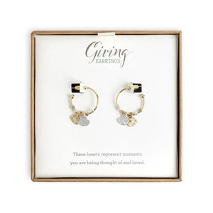 Share love and encouragement with the Giving Earrings. These gold-tone hoops are adorned with delicate silver and gold heart charms, symbolizing moments when the wearer is being thought of and loved.
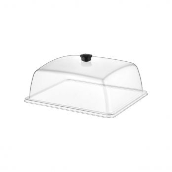 Polykarbonátový poklop na podnos / gastronádobu o rozměru GN 1/2 s úchytem.
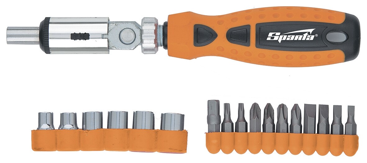Отзывы на Отвертка реверсивная с шарниром, биты, торцевые головки, 18 шт Sparta

Description of the task: Reproduce all of the data exactly; the pictures do not belong in the copy.

Task result:
 Share love and encouragement with the Giving Earrings. These gold-tone hoops are adorned with delicate silver and gold heart charms, symbolizing moments when the wearer is being thought of and loved.
 Polykarbonátový poklop na podnos / gastronádobu o rozměru GN 1/2 s úchytem.
Отзывы на Отвертка реверсивная с шарниром, биты, торцевые головки, 18 шт Sparta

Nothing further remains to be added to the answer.